*The problem:* Reproduce the listing below from the line with "ตารางที่ 4.1 สารกันเสียที่ใช?สำหรับสารก@อเจลแต@ละชนิด" to the line with "La siguiente recta", both lines included, character for character, minus any pictures.

*Records provided:*
________________________
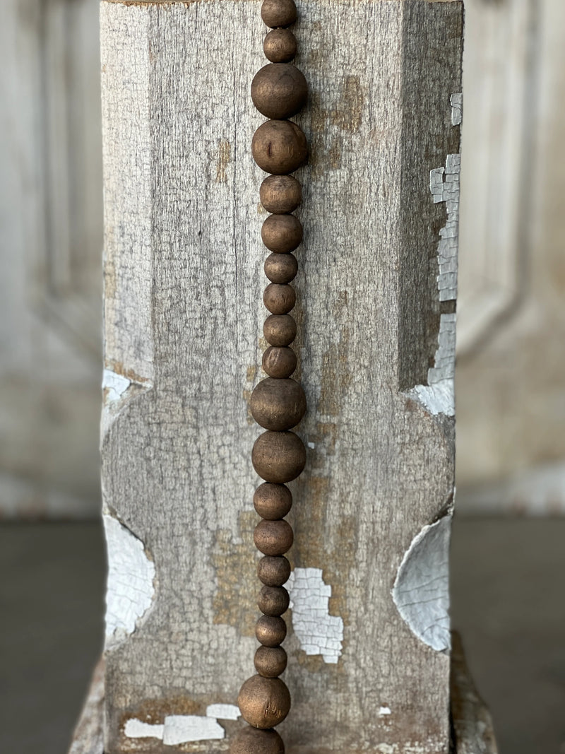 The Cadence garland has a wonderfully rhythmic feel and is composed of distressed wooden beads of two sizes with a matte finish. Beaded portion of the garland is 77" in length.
________________________
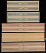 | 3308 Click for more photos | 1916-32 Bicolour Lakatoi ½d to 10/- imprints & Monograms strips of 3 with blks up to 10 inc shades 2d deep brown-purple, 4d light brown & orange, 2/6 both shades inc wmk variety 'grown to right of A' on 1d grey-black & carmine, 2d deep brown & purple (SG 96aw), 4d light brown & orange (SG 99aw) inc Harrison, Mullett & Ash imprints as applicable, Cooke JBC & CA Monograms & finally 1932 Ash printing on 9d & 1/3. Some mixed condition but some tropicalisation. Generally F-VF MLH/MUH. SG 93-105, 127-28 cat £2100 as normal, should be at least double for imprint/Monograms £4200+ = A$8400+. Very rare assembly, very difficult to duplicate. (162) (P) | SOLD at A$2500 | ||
________________________
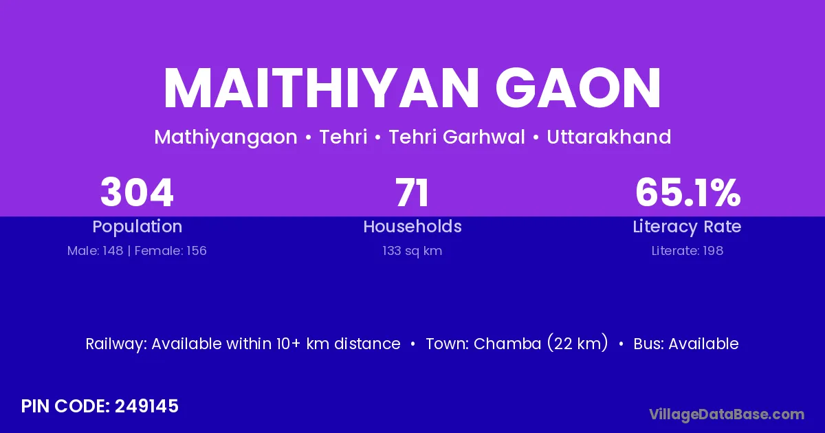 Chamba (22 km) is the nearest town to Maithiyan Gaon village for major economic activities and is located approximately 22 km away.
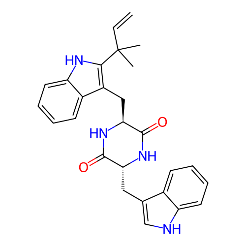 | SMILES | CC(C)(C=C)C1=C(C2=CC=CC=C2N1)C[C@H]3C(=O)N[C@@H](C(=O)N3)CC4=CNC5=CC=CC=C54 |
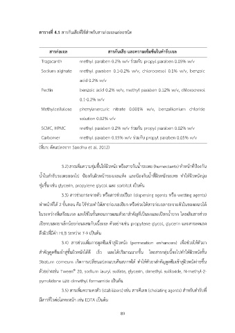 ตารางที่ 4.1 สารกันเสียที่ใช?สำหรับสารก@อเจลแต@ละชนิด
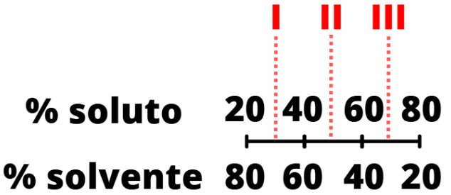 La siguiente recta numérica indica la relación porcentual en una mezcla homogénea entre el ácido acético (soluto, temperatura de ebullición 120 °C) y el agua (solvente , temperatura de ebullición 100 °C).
________________________
*Solution for this exercise:*
 ตารางที่ 4.1 สารกันเสียที่ใช?สำหรับสารก@อเจลแต@ละชนิด
 La siguiente recta numérica indica la relación porcentual en una mezcla homogénea entre el ácido acético (soluto, temperatura de ebullición 120 °C) y el agua (solvente , temperatura de ebullición 100 °C).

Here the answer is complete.